Entropy and “lost work” (why engines have limits)

Even though Unit 1 often introduces heat engines later, entropy is the reason there is a fundamental limit on converting heat into work.

When energy spreads out (entropy increases), some energy becomes less available to be organized into macroscopic work. Real processes create entropy through friction, turbulence, unrestrained expansion, and finite temperature differences during heat flow. Those irreversibilities increase \Delta S_{total} and reduce the maximum possible work output.

You do not need advanced math to use this idea: AP often asks for qualitative explanations like “which process is more efficient” or “which produces more entropy,” and the answer is usually the one with more irreversible features.

Worked problem 1: Entropy change in a phase transition

A mass m = 0.20\,\text{kg} of water freezes at T = 273\,\text{K}. The latent heat of fusion is L_f = 3.34\times 10^5\,\text{J/kg}. Find the entropy change of the water.

Step 1: Determine heat transfer for freezing. Freezing releases heat, so for the water (the system), heat is leaving:

Q = -mL_f

Q = -\left(0.20\right)\left(3.34\times 10^5\right) = -6.68\times 10^4\,\text{J}

Step 2: Use the entropy formula at constant temperature.

\Delta S = \frac{Q}{T}

\Delta S = \frac{-6.68\times 10^4}{273} \approx -2.45\times 10^2\,\text{J/K}

Interpretation: The water’s entropy decreases as it becomes a more ordered solid. The surroundings gain that entropy (and more if the heat flows across a temperature difference), so total entropy still increases for the real process.

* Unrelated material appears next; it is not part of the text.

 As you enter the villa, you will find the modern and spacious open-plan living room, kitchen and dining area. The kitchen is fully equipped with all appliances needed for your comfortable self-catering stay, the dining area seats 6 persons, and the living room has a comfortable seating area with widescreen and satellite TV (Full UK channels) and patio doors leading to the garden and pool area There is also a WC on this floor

Worked problem 2: Total entropy change for heat transfer

A hot reservoir at T_h = 500\,\text{K} transfers Q = 1000\,\text{J} to a cold reservoir at T_c = 300\,\text{K}. Find \Delta S_{total}.

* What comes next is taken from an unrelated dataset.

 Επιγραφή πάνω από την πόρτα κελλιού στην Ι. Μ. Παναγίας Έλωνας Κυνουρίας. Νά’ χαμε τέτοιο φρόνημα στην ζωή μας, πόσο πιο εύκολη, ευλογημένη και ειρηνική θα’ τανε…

Hot reservoir entropy change:

\Delta S_h = -\frac{Q}{T_h} = -\frac{1000}{500} = -2.0\,\text{J/K}

Cold reservoir entropy change:

\Delta S_c = \frac{Q}{T_c} = \frac{1000}{300} \approx 3.33\,\text{J/K}

Total:

\Delta S_{total} = 3.33 - 2.0 = 1.33\,\text{J/K}

Because \Delta S_{total} > 0, the heat transfer is consistent with the Second Law.

What “reversible” really means (and why AP cares)

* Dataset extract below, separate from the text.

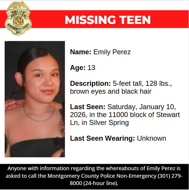 Gaithersburg, MD – Detectives from the Montgomery County Department of Police – Special Victims Investigations Division are asking for the public’s assistance in locating Emily Perez, a missing 13-year-old from Silver Spring.Â

A reversible process is an idealization where the system is always infinitesimally close to equilibrium and there are no dissipative effects (no friction, no turbulence, no finite temperature differences driving heat flow). Reversible processes matter because they represent the maximum possible performance (maximum work output for engines, minimum work input for refrigerators) and the boundary case where \Delta S_{total} = 0.

Most real processes are irreversible, and AP may ask you to identify sources of irreversibility:

heat transfer across a finite temperature difference
friction in moving parts
rapid expansion into a vacuum (free expansion)
mixing of different substances

Exam Focus

Typical question patterns:
- Use \Delta S = \frac{Q}{T} for a substance during heating at constant temperature or during a phase change, often with Q = mL.
- Compare two processes qualitatively: which produces more entropy, which is more reversible, which direction is spontaneous.
- Compute \Delta S_{total} for heat moving from T_h to T_c and use the sign to justify spontaneity.
Common mistakes:
- Using Celsius instead of kelvins in entropy calculations; entropy formulas require absolute temperature.
- Treating \Delta S_{system} as the only criterion for spontaneity instead of checking \Delta S_{total}.
- Assuming “entropy measures disorder” is a complete explanation; on AP, it’s safer to talk about energy dispersal, multiplicity, and probability.